Marriage is one of the foundational values of Catholicism, and thus has historically held a high standing in the Irish state. Divorce was illegal in Ireland until 1996, outlasting the lift on criminalization of sodomy by three years. In Irish society, marriage still carries a great deal of importance in the legal sense, as it is a Constitutional protection of another value at the heart of Ireland: family. It was unquestionably huge when Ireland passed civil partnerships as a way for non-heterosexual couples to have some legal bindings, but it was not a permanent solution. Civil partnerships are not Constitutionally protected, and they do not offer the legal protections to the family that marriages do — I should know, as I’m in one. It seems that the acceptance of queerness in Ireland, particularly our relationships and family-building, was always going to come down to the issue of marriage. It might just be, as they say, an Irish solution to an Irish problem.

Ireland is a small country, with a total population smaller than the city of Philadelphia. Size is one of the most important factors in the Referendum – literally everywhere the country is talking, in small conversations and big conversations, about marriage equality. This is a conversation that can be overheard on the bus, at the butcher’s, between your two elderly neighbours or strangers in the Tesco. Every person in the country is aware of this issue, and feels a responsibility to develop an opinion on it. It has become important in a way I could never imagine it becoming important in American terms. In the weeks leading up to the Referendum, business windows have sprouted rainbow flags and supportive posters, every lamppost in Dublin is encouraging one side or both, every third lapel on the street sports a Yes badge. You cannot escape the topic or its eager debaters if you try, a fact both exhilirating and exhausting in the last days coming up to the vote.

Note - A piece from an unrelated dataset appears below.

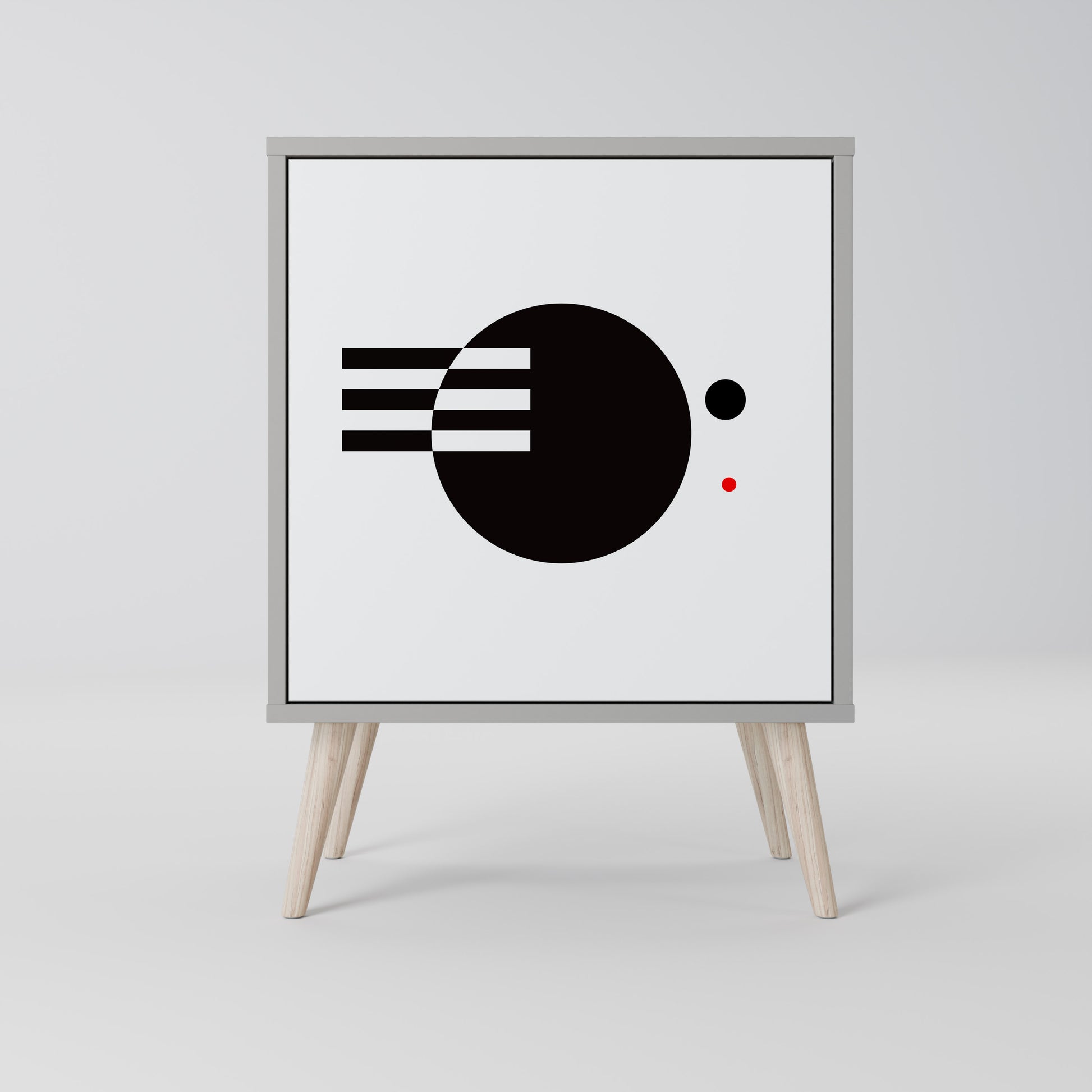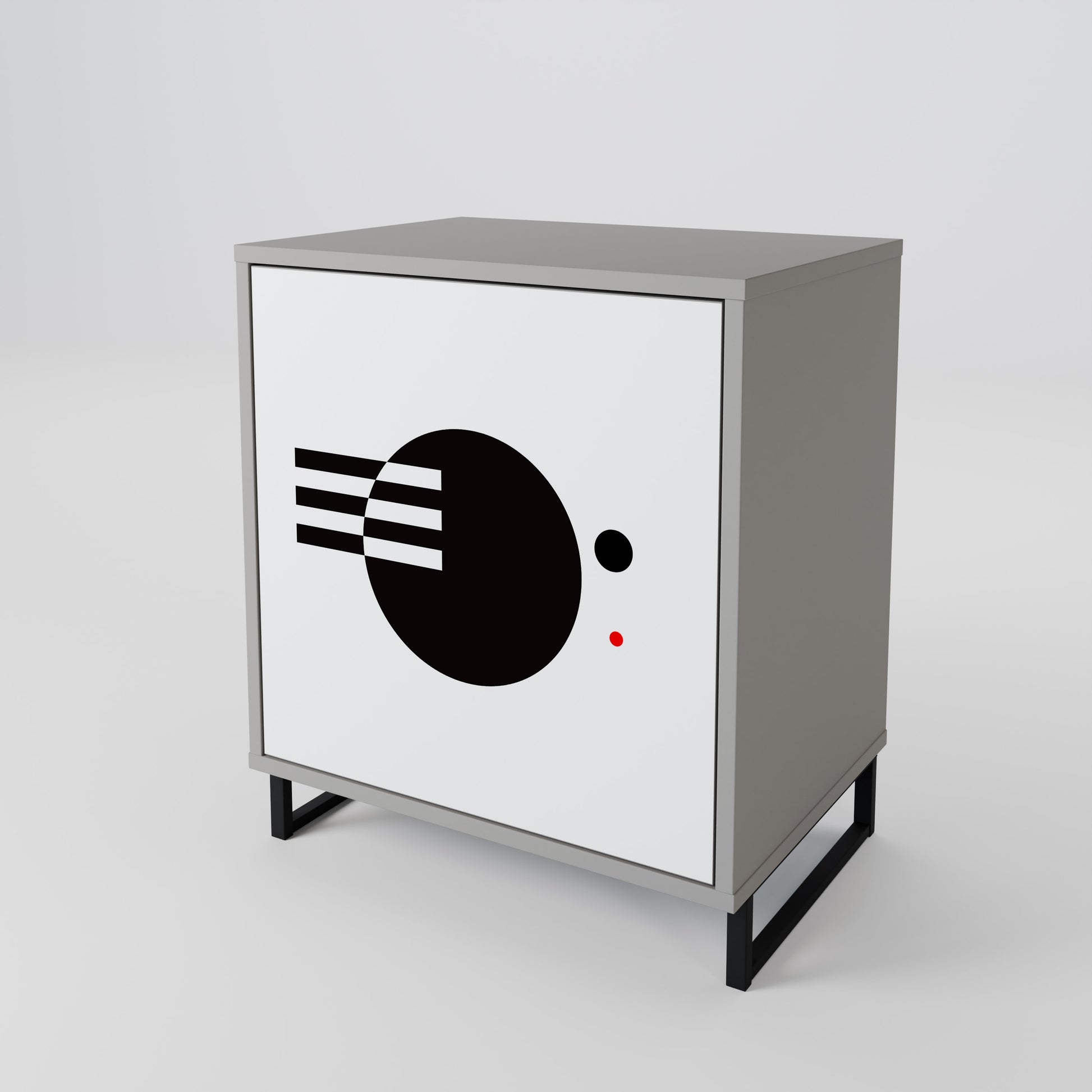 Credenza a 1 anta con combinazione bianco e nero, finitura grigia

It’s true that Irish society has changed rapidly in the past few decades, at a rate faster than almost every other European country. One factor responsible for this change was sudden economic growth – the infamous, and admittedly fleeting, Celtic Tiger. The speedy transformation from one of Europe’s most socially conservative societies to a country liberated by new values and new priorities is largely responsible for the push towards marriage equality, but it does not guarantee a Yes at the polls. Youth voters are notorious for big talk and small turnout. Allyship is a tenuous concept, although I have never in my life seen the kind of passionate and caring allies I have witnessed stepping up for this fight. As the fight has become increasingly personal and significantly louder, it’s been helpful to have people who are willing to stand up and be a buffer so that LGBTQ folks can do some very needed self-care.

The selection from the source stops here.